His medium is metal.
From a sheet of sanded aluminum, the faces of combat soldiers captivate attention. Rushing into battle. Hefting a wounded comrade on a stretcher. Kneeling in front of a cross draped with the dog tags of a fallen friend, a funeral-folded flag at the forefront.
Austin Waggoner calls the work “The Cost of Freedom,” and recently the piece took top honors at the 2020 National Veterans Creative Arts Festival in Florida.

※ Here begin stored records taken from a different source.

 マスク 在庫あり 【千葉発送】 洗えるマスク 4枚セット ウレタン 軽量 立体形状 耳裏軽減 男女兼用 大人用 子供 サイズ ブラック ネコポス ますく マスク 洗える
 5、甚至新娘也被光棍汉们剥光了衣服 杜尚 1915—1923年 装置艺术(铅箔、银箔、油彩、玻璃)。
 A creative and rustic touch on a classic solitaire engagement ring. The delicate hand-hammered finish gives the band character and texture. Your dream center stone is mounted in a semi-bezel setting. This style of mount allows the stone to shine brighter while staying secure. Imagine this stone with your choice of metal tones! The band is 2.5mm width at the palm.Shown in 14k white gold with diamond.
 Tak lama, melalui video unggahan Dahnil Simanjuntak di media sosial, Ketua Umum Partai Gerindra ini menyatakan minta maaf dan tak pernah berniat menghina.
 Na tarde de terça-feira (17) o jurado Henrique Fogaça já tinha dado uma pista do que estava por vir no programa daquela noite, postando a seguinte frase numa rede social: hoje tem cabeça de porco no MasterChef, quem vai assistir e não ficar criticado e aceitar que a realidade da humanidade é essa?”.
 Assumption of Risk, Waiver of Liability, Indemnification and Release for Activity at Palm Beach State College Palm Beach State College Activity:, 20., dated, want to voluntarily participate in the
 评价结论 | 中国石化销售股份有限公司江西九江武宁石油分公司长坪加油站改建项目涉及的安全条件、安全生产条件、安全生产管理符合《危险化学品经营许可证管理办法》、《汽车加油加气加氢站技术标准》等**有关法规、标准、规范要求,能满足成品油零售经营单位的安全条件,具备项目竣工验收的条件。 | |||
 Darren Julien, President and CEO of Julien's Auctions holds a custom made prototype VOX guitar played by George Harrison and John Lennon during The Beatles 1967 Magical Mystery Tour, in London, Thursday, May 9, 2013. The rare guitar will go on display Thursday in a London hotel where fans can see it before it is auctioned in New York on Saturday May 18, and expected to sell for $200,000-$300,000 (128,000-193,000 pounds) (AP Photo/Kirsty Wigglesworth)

“I wanted to show the cycle of a combat soldier’s life,” Waggoner said.
It’s a life he knows intimately.
Waggoner, a medically retired Army veteran, served multiple combat tours while on active duty between 1996 and 2013.
He served as a forward observer, with combat tours to Iraq in 2004 and again during 2009-10. Waggoner also deployed to combat zones in Afghanistan from 2011-12, and participated in a United Nations peacekeeping mission to Kosovo during 2001-02.
“I loved what I did,” he said. “I’ve always wanted to be a soldier. It was a calling for me.”
Like many veterans he found adapting to civilian life difficult.
“The military was my life, my identity,” he said.
He’d lost many friends in combat or to suicide, and survived four IED explosions, the last one in Afghanistan on his birthday.
“I’m still haunted by things I saw and experienced.”
As a child, he’d dreamed of becoming an illustrator, and that latent love of art became the key to processing his experiences and unlocking the door to a new calling.
He’d honed his creative skills when he became a tattoo artist while in the military.
“I got a bad tattoo, and I knew I could do better,” he explained.
So, he worked as a tattoo artist in Spokane, and graduated from an automotive program at Spokane Community College. But a Facebook photo posted by a fellow Army veteran Hank Robinson led him to his current passion.
Waggoner said as he gazed at a picture of a truck custom engraved by Robinson, “a light went on.”
“He’d engraved the truck with military imagery – it was so powerful,” Waggoner recalled.
He immediately went out and bought a Dremel, a high-performance rotary tool, and started experimenting with techniques.
Taking a sheet of aluminum, he sands the surface, coats it with black spray paint, and heat cures it. He uses a paper template to prick out the image, and then uses a Dremel on the metal, stippling the surface at varying depths of to create different tones.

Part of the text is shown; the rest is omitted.